(Stored data entries)
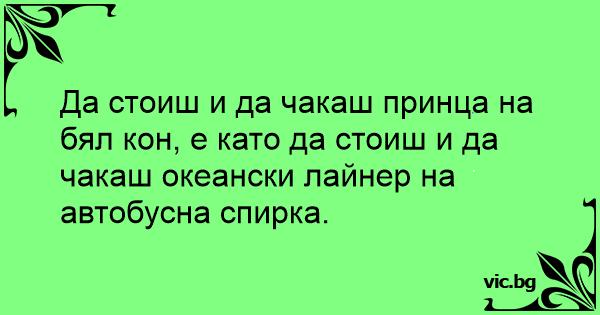 Да стоиш и да чакаш принца на бял кон, е като да стоиш и да чакаш океански лайнер на автобусна спирка.
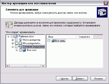 В левой части диалога нужно выбрать один из созданных архивов для восстановления. Дважды щелкнув на элементе списка, вы откроете его содержимое. Возможно, при этом появится диалог, информирующий о необходимости вставки носителя. В правой части с помощью установки флажков можно выбрать файлы и папки для восстановления. После выбора файлов и папок нажмите кнопку Далее (Next), чтобы продолжить работу. Появится заключительный диалог мастера. Нажмите кнопку Готово (Finish), чтобы закрыть диалог и начать восстановление. Процесс восстановления также сопровождается диалогом, иллюстрирующим ход выполнения операции. По окончании восстановления, нажмите кнопку Закрыть (Close), чтобы закрыть диалог. Теперь файлы заменены на те, которые хранились в архиве.
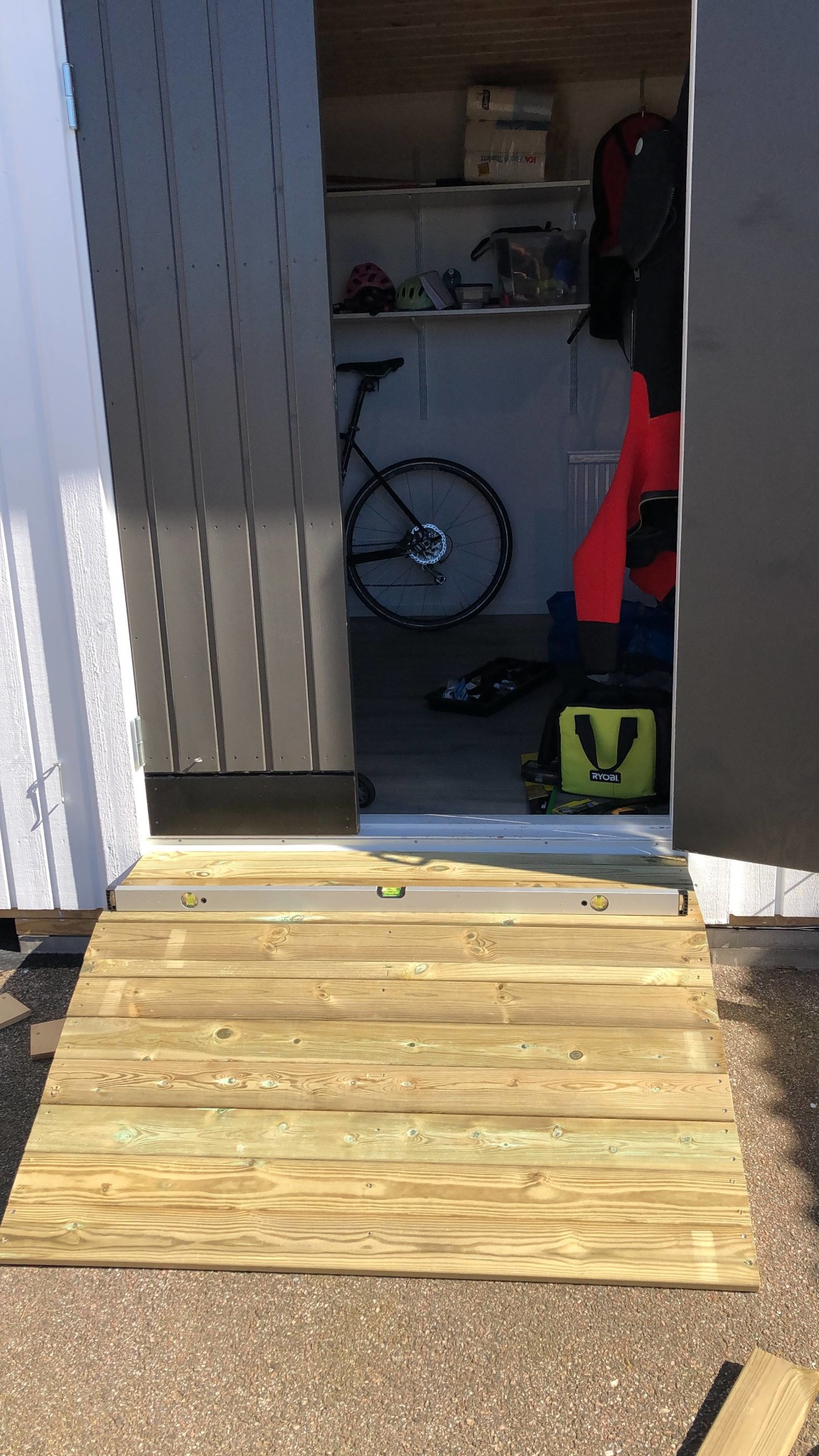 Det beror ju lite på vilken belastning det är fråga om. Om det är fråga om en lättare last, t.ex. du själv och en gräsklippare, kan du tillverka tre stödreglar av tryckimpregnerat virke enligt nedanstående skiss som du fäster med vinkelbeslag. Lämplig dimension att utgå från är 45x95 mm. Ovanpå dessa skruvar eller spikar du tryckimpregnerat trallvirke på tvären. Skall reglarnas ände vila direkt på marken bör de vara av klass NTR/A, annars räcker det med NTR/AB.
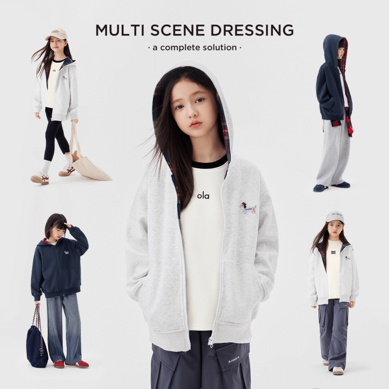 左西女童外套2026春季新款儿童卫衣青少年腊肠狗格子连帽衫春秋装
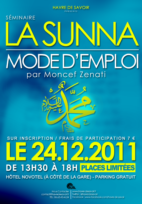 Share Share on Facebook Share on Twitter Pinterest Email [si-contact-form form=’2′] moncef zenatisunna Related Posts Retour sur la cérémonie de pose de la première pierre – Mosquée Maryam 15 septembre 2025 Communiqué – Olivier de la Paix 9 septembre 2025 Communiqué – Pose de la première pierre de la Mosquée Maryam 9 septembre 2025 4 Comments safaa 14 ans ago Reply dans qu’elle pays/ville Havre De Savoir Post Author 14 ans ago Reply Salam ‘Alaykum, Le séminaire aura lieu en France plus précisément dans la ville du Havre (76600). brolydiana 14 ans ago Reply salam alaikoum dans qu’elle ville a lieu ce séminaire? Havre De Savoir Post Author 14 ans ago Reply Salam ‘alaykum Dans la ville du Havre (76600) Write A Comment Cancel Reply Enregistrer mon nom, mon e-mail et mon site dans le navigateur pour mon prochain commentaire. Δ Ce site utilise Akismet pour réduire les indésirables. En savoir plus sur la façon dont les données de vos commentaires sont traitées.

EXERCISE AIM
Only an exact copy of the entries, with no pictures, is expected as the answer.

EXERCISE SOLUTION
 Да стоиш и да чакаш принца на бял кон, е като да стоиш и да чакаш океански лайнер на автобусна спирка.
 В левой части диалога нужно выбрать один из созданных архивов для восстановления. Дважды щелкнув на элементе списка, вы откроете его содержимое. Возможно, при этом появится диалог, информирующий о необходимости вставки носителя. В правой части с помощью установки флажков можно выбрать файлы и папки для восстановления. После выбора файлов и папок нажмите кнопку Далее (Next), чтобы продолжить работу. Появится заключительный диалог мастера. Нажмите кнопку Готово (Finish), чтобы закрыть диалог и начать восстановление. Процесс восстановления также сопровождается диалогом, иллюстрирующим ход выполнения операции. По окончании восстановления, нажмите кнопку Закрыть (Close), чтобы закрыть диалог. Теперь файлы заменены на те, которые хранились в архиве.
 Det beror ju lite på vilken belastning det är fråga om. Om det är fråga om en lättare last, t.ex. du själv och en gräsklippare, kan du tillverka tre stödreglar av tryckimpregnerat virke enligt nedanstående skiss som du fäster med vinkelbeslag. Lämplig dimension att utgå från är 45x95 mm. Ovanpå dessa skruvar eller spikar du tryckimpregnerat trallvirke på tvären. Skall reglarnas ände vila direkt på marken bör de vara av klass NTR/A, annars räcker det med NTR/AB.
 左西女童外套2026春季新款儿童卫衣青少年腊肠狗格子连帽衫春秋装
 Share Share on Facebook Share on Twitter Pinterest Email [si-contact-form form=’2′] moncef zenatisunna Related Posts Retour sur la cérémonie de pose de la première pierre – Mosquée Maryam 15 septembre 2025 Communiqué – Olivier de la Paix 9 septembre 2025 Communiqué – Pose de la première pierre de la Mosquée Maryam 9 septembre 2025 4 Comments safaa 14 ans ago Reply dans qu’elle pays/ville Havre De Savoir Post Author 14 ans ago Reply Salam ‘Alaykum, Le séminaire aura lieu en France plus précisément dans la ville du Havre (76600). brolydiana 14 ans ago Reply salam alaikoum dans qu’elle ville a lieu ce séminaire? Havre De Savoir Post Author 14 ans ago Reply Salam ‘alaykum Dans la ville du Havre (76600) Write A Comment Cancel Reply Enregistrer mon nom, mon e-mail et mon site dans le navigateur pour mon prochain commentaire. Δ Ce site utilise Akismet pour réduire les indésirables. En savoir plus sur la façon dont les données de vos commentaires sont traitées.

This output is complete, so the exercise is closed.